South African fleet operators are increasingly turning to electric vehicles (EVs) to stabilise transport costs, as diesel price volatility puts sustained pressure on logistics, FMCG, retail distribution, and courier operations.
According to Everlectric, a South African commercial electric mobility company, inbound interest has become significantly more commercially driven as fuel costs, tighter margins, and the need for predictable operating expenses reshape the EV conversation.
“Fleet operators are now looking at EVs through a much broader commercial lens,” says Ndia Magadagela, CEO of Everlectric. “Rising diesel costs, pressure on transport margins, and the need for predictable operating expenses have made this a commercial conversation. The question has shifted from whether EVs will become viable to which routes and vehicle classes already make sense today.”
This is particularly clear in high-utilisation urban delivery environments, where vehicles operate predictable routes, return to base, and cover meaningful monthly mileage. These operating profiles allow fleet owners to compare diesel and electricity costs more accurately and identify where electrification can reduce exposure to fuel price volatility.
“Many companies are asking much better questions than they were a few years ago. They are not simply comparing vehicle purchase prices. They are looking at total cost of ownership, uptime, route suitability, charging strategy, maintenance, and energy management,” Magadagela says.
The strongest business cases are emerging on predictable, high-utilisation routes where lower energy costs per kilometre compound quickly.
Paul Plummer, chief commercial officer at Everlectric, says fleet operators should treat diesel exposure as a direct business risk rather than a line-item cost.
“The real risk for many fleets is no longer EV uncertainty. It is diesel dependence,” says Plummer. “If one of your largest operating costs can move because of oil markets, exchange rates, or geopolitical shocks, that is not just a transport issue. It is a margin issue. EVs give operators a way to move part of that cost base into a more predictable and manageable model.”

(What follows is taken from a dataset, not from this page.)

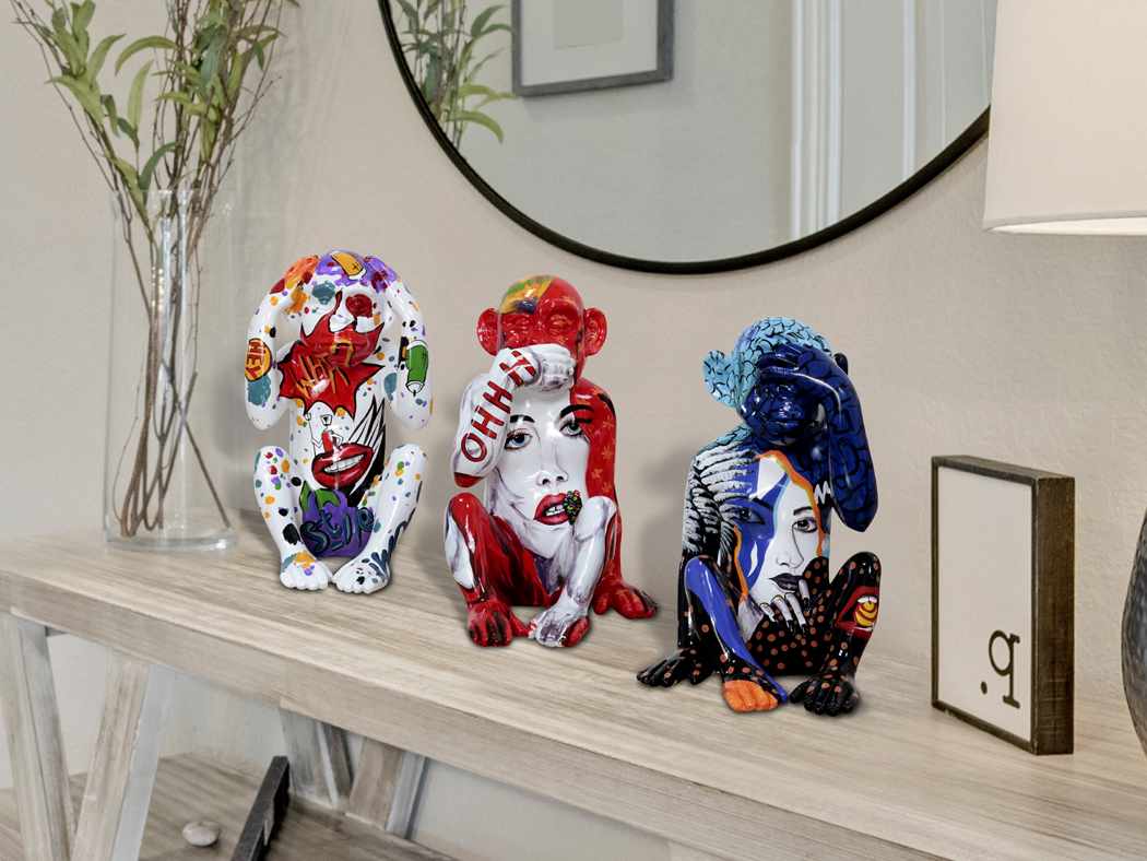 Set de 3 figurine de maimuțe, confecționate din polirășină cu decor graffiti.
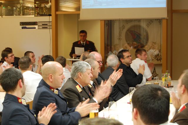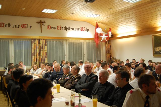 So nahmen als Vertreter der Pfarre Gisingen Pfarrer Dr. Thomas Felder und Kaplan Mag. Josef Gruber teil. Auch Bgm. Mag. Wilfried Berchtold, OV Peter Stieger und Christine Burtscher (Abteilung Einkauf der Stadt Feldkirch) wohnten der Versammlung bei. Ebenso konnte Kdt. Tschann BFI Manfred Morscher (Landesfeuerwehrverband Vorarlberg), AFK Hubert Bonner, den Dienststellenleiter des Roten Kreuz Paul Kräutler, Bez.Insp. Samuel Stadelmann (Polizeiinspektion Feldkirch), Bez.Insp. Arno Vögel (Städtische Sicherheitswache Feldkirch), sowie als Vertreter unserer Nachbarwehr Altenstadt, Kdt. Markus Berchtold und Kdt.-Stv. Frick Marcel begrüßen. Auch unsere Fahnenpatin Gertrud Allgäuer ließ es sich nicht nehmen, die Einladung der Feuerwehr Gisingen anzunehmen.

He adds that rising fuel prices accelerate the payback period for suitable EV routes.
“There is no single diesel price where electrification suddenly works for every fleet. The economics depend on mileage, route predictability, payload, charging access, and vehicle utilisation. But as diesel moves higher, the case becomes harder to ignore for last-mile and urban delivery operations that are already well suited to EVs,” says Plummer.
EV-as-a-Service models, which bundle vehicles, charging infrastructure, maintenance, insurance, telematics, and operational support into a single solution, are gaining traction because they allow businesses to electrify incrementally without building internal expertise across the entire EV ecosystem.
For fleet operators, this can reduce upfront capital requirements, simplify implementation, and improve monthly cost visibility, while allowing companies to start with the routes and vehicle categories where electrification already makes financial and operational sense.
“The approach is not to electrify everything immediately. It is to electrify what makes sense,” says Magadagela. “Dense urban delivery routes, predictable duty cycles, and high daily mileage are already proving to be strong use cases.”
For logistics and distribution operators, the issue is no longer whether EVs will become viable at some point. It is whether parts of their operations are already carrying enough diesel risk, route predictability, and mileage intensity to make the transition commercially sensible today.
“Electric fleets are not the answer for every vehicle in every operation,” says Magadagela. “But for the right routes, the right vehicle classes, and the right utilisation profiles, the business case is already there. Rising diesel costs are simply making that reality much harder to ignore.”